▸ Exercise
Everything below from the line with "Faz fronteira no" through the line with "裏起毛 薄手 ボリュームネックパーカー" must be retyped exactly, except the pictures.
+++ Source material +++
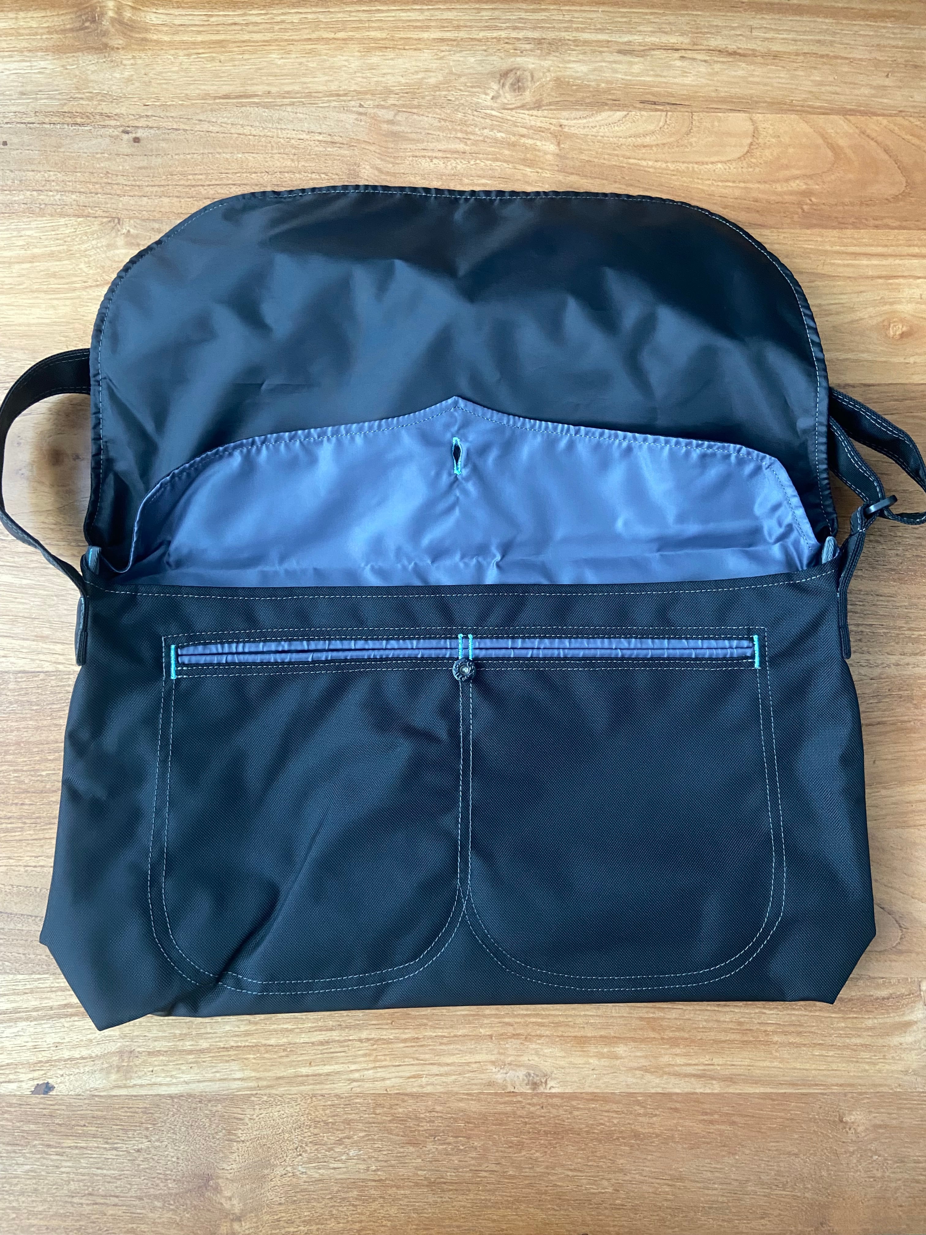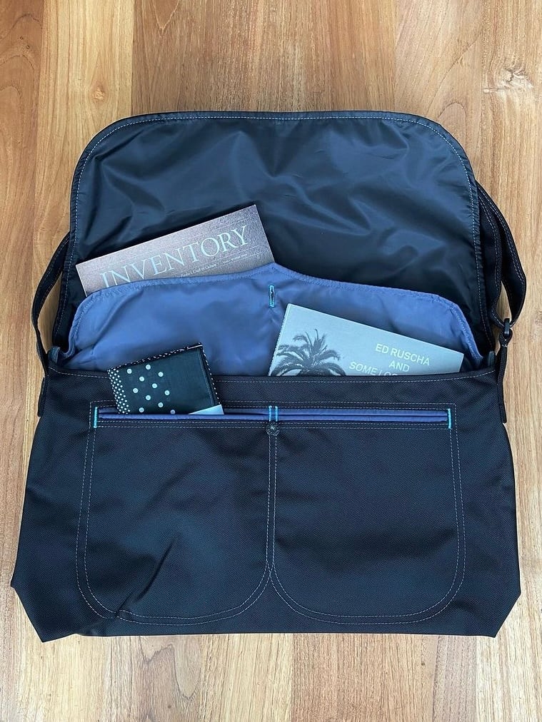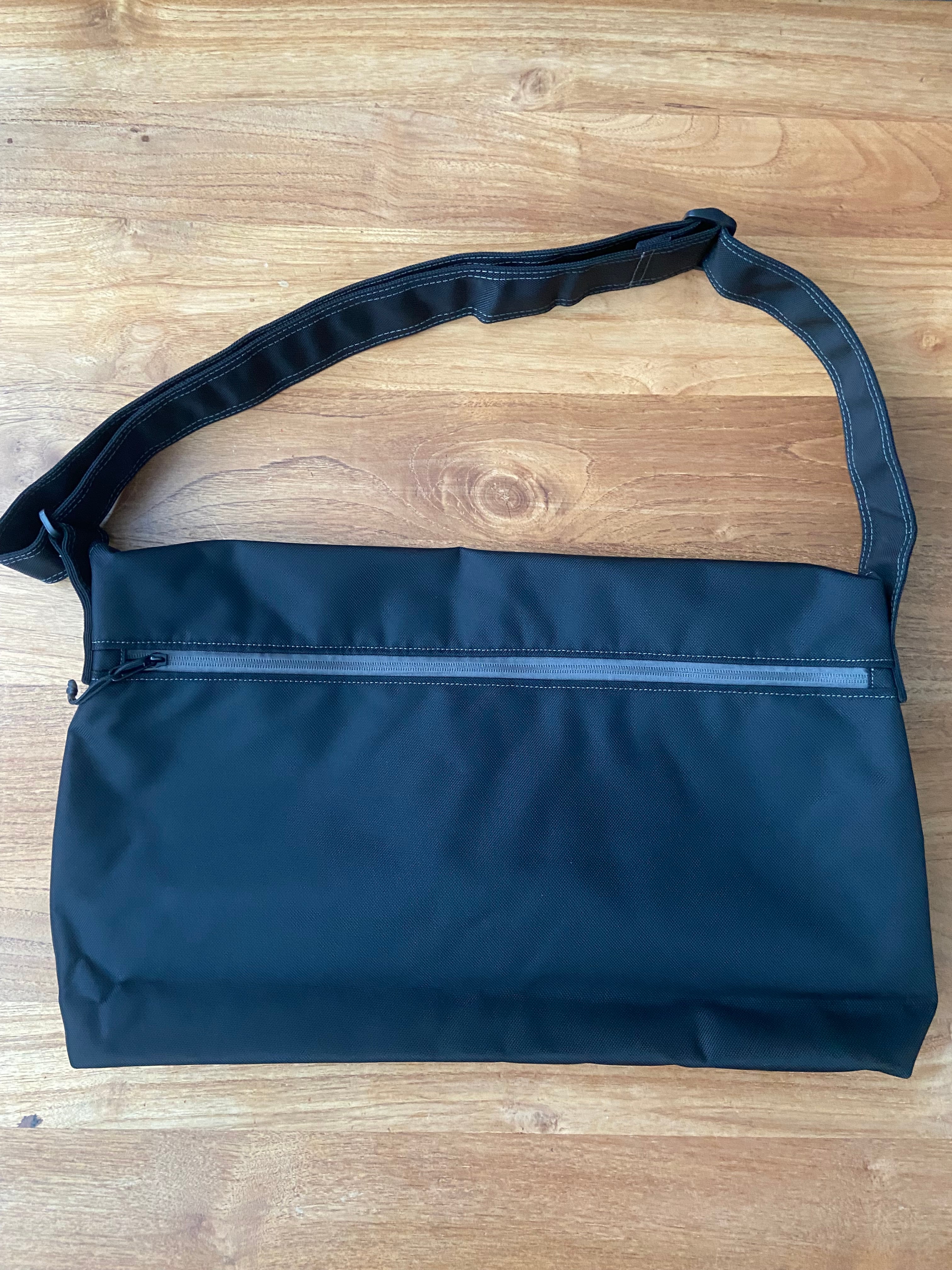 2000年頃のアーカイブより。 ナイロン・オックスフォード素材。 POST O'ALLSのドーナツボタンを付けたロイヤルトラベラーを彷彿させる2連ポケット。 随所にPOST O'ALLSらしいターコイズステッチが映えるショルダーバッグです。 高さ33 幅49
+++
+++ Source material +++
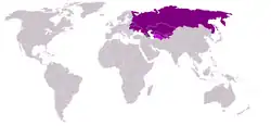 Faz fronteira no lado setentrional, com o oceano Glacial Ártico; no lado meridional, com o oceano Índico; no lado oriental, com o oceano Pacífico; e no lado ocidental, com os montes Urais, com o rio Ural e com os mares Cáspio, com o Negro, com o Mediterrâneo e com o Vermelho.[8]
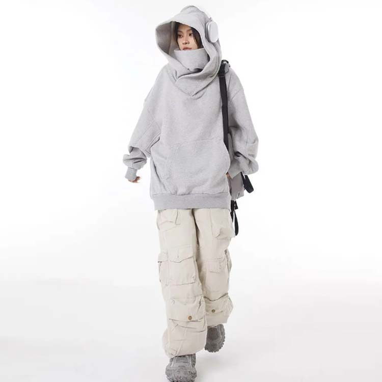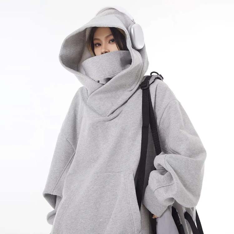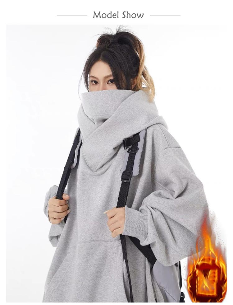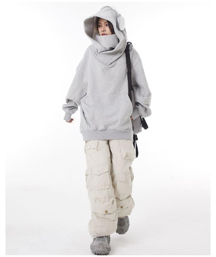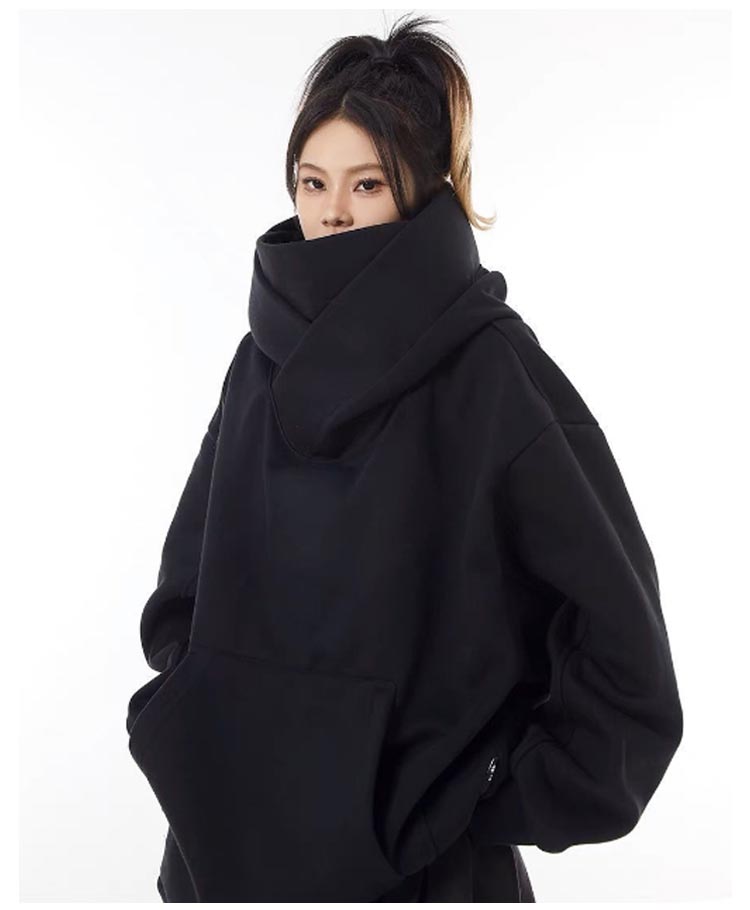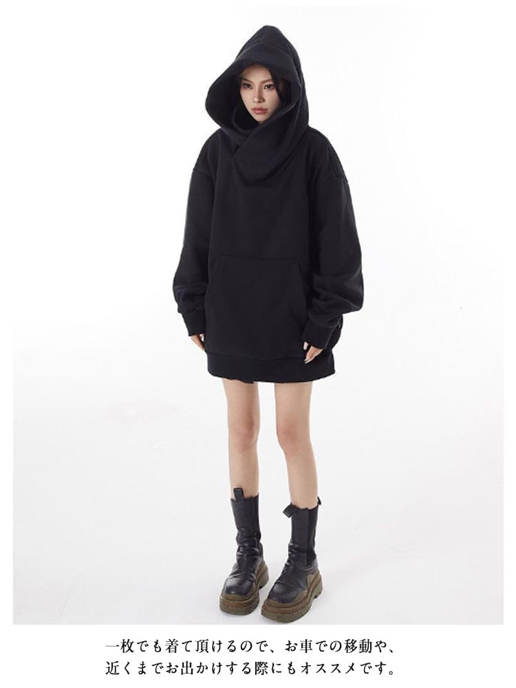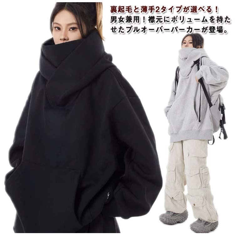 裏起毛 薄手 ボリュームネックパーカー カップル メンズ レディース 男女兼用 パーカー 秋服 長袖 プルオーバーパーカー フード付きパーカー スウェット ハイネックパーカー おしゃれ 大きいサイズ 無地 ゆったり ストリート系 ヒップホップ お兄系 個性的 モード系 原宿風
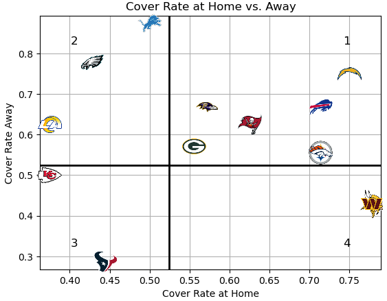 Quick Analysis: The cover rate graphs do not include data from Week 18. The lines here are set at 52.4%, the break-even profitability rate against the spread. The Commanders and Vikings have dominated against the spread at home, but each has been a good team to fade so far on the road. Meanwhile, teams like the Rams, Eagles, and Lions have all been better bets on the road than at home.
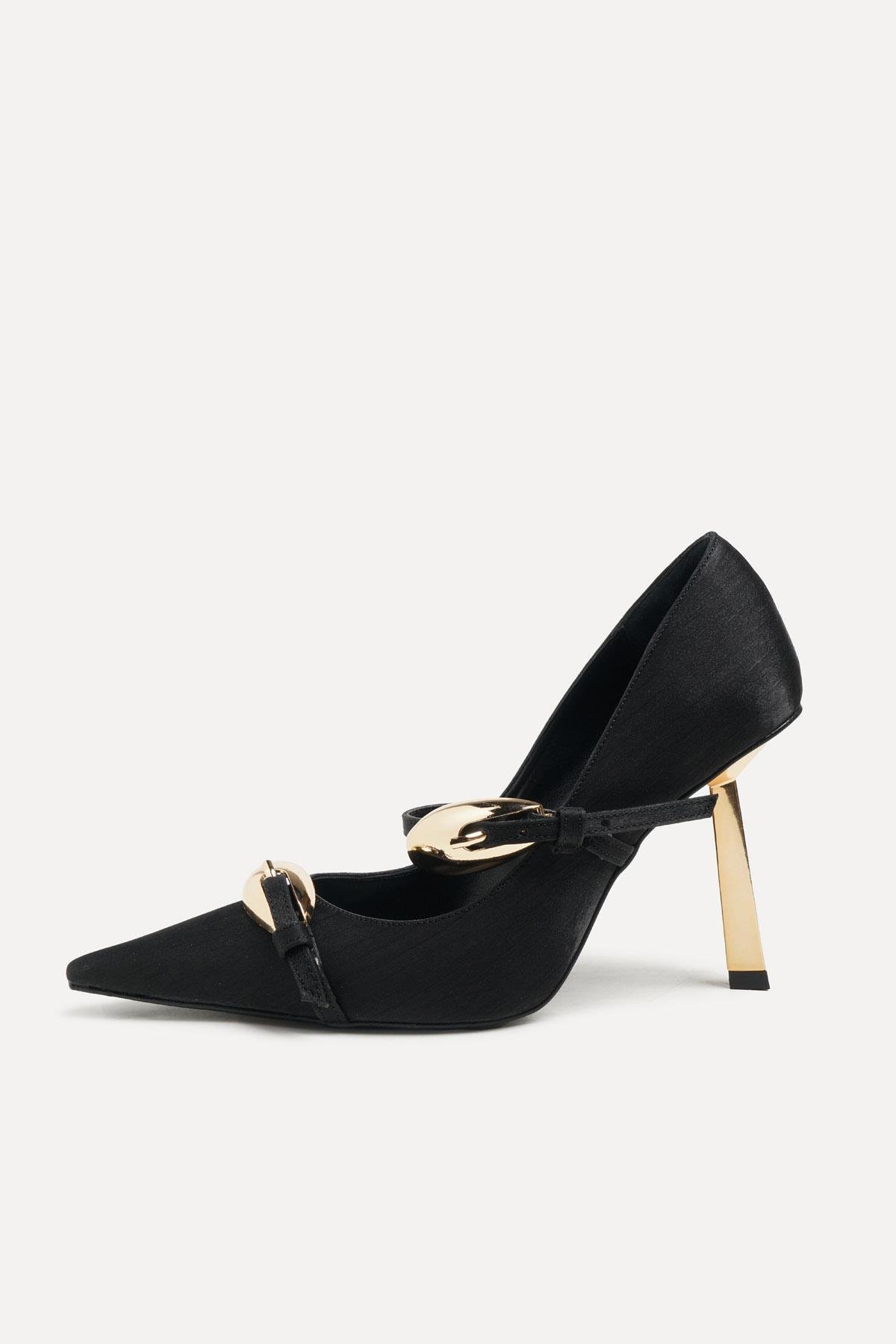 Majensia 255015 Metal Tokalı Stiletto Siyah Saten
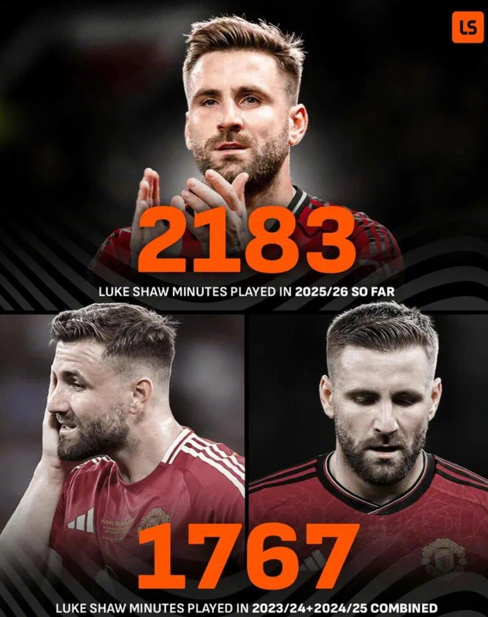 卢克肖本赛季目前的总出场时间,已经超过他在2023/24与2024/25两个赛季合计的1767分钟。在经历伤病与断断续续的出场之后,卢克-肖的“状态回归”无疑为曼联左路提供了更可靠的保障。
+++
+++ Source material +++
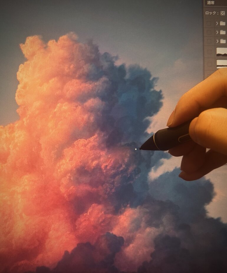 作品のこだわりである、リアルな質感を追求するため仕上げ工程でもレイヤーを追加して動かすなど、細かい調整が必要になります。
+++
▸ Solved problem
 Faz fronteira no lado setentrional, com o oceano Glacial Ártico; no lado meridional, com o oceano Índico; no lado oriental, com o oceano Pacífico; e no lado ocidental, com os montes Urais, com o rio Ural e com os mares Cáspio, com o Negro, com o Mediterrâneo e com o Vermelho.[8]
 裏起毛 薄手 ボリュームネックパーカー カップル メンズ レディース 男女兼用 パーカー 秋服 長袖 プルオーバーパーカー フード付きパーカー スウェット ハイネックパーカー おしゃれ 大きいサイズ 無地 ゆったり ストリート系 ヒップホップ お兄系 個性的 モード系 原宿風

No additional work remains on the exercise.